Near the Skylon, the IMAX Theater claims to visually strap viewers in a barrel for a hair-raising ride over the falls.

Contact Mary Alice Powell at:

If you go:

•Adult Americans traveling into Canada are requested to show a birth certificate and photo ID or two pieces of current photo IDs at the border. For children, birth certificates are requested.

• Transportation: Taxis are plentiful in Niagara Falls. All-day shuttle passes are $6 and $1 for children.

• Information:

Falls Trivia

•The volume of water flowing over the Canadian Horseshoe Falls is 600,000 gallons per second and over the American Falls, 150,000 gallons per second. Because of two hydroelectric plants that draw water into reservoirs before the falls, the volume can vary depending upon demand. The flow is greatest during the day in June, July, and August.

• The first daredevil to go over the falls in a barrel was a 63-year-old schoolteacher. In 1901 Annie Taylor was strapped into a barrel in a special harness. She survived the plunge over the Canadian Horseshoe falls.

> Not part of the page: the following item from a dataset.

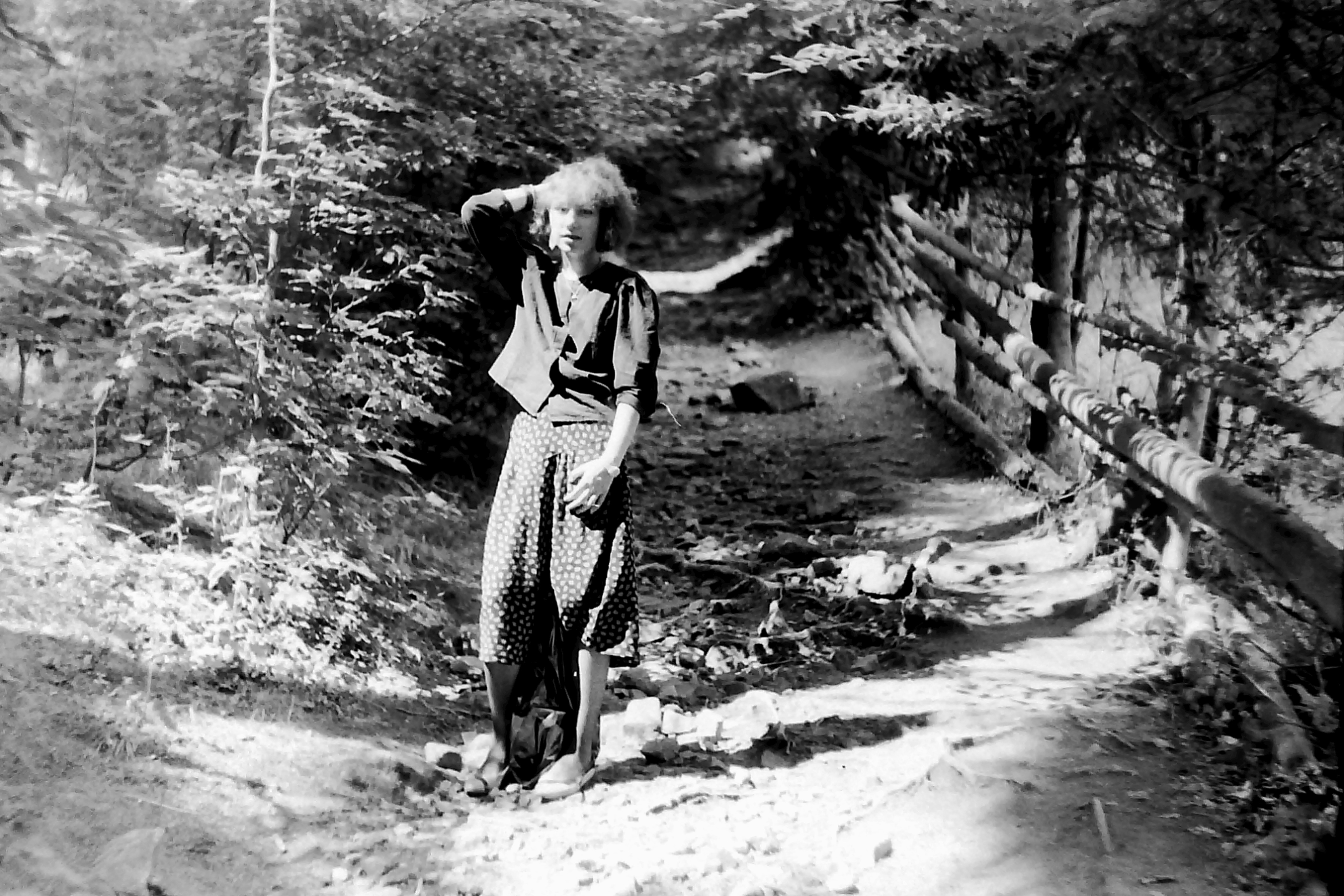 Poprzedni obrazek Następny obrazek wDrodzeAnn 1991 – wyruszamy na dłuższy spacer leśnymi ścieżkami do atrakcji turystycznej – Ogród Bajek położony daleko, jeszcze za licznymi porębami tzw. łąkami myśliwskimi. Krótki odpoczynek przed potokiem..

Five of the 15 people who have dared to go over the falls in various contraptions died.

• Of the several high wire tightrope walkers who traversed the Niagara Falls gorge, Jean Gravelet, a European known as the Great Blondini, entertained the crowds by crossing his rope on a bicycle, walking blindfolded, pushing a wheelbarrow, cooking an omelet, and carrying his manager on his back.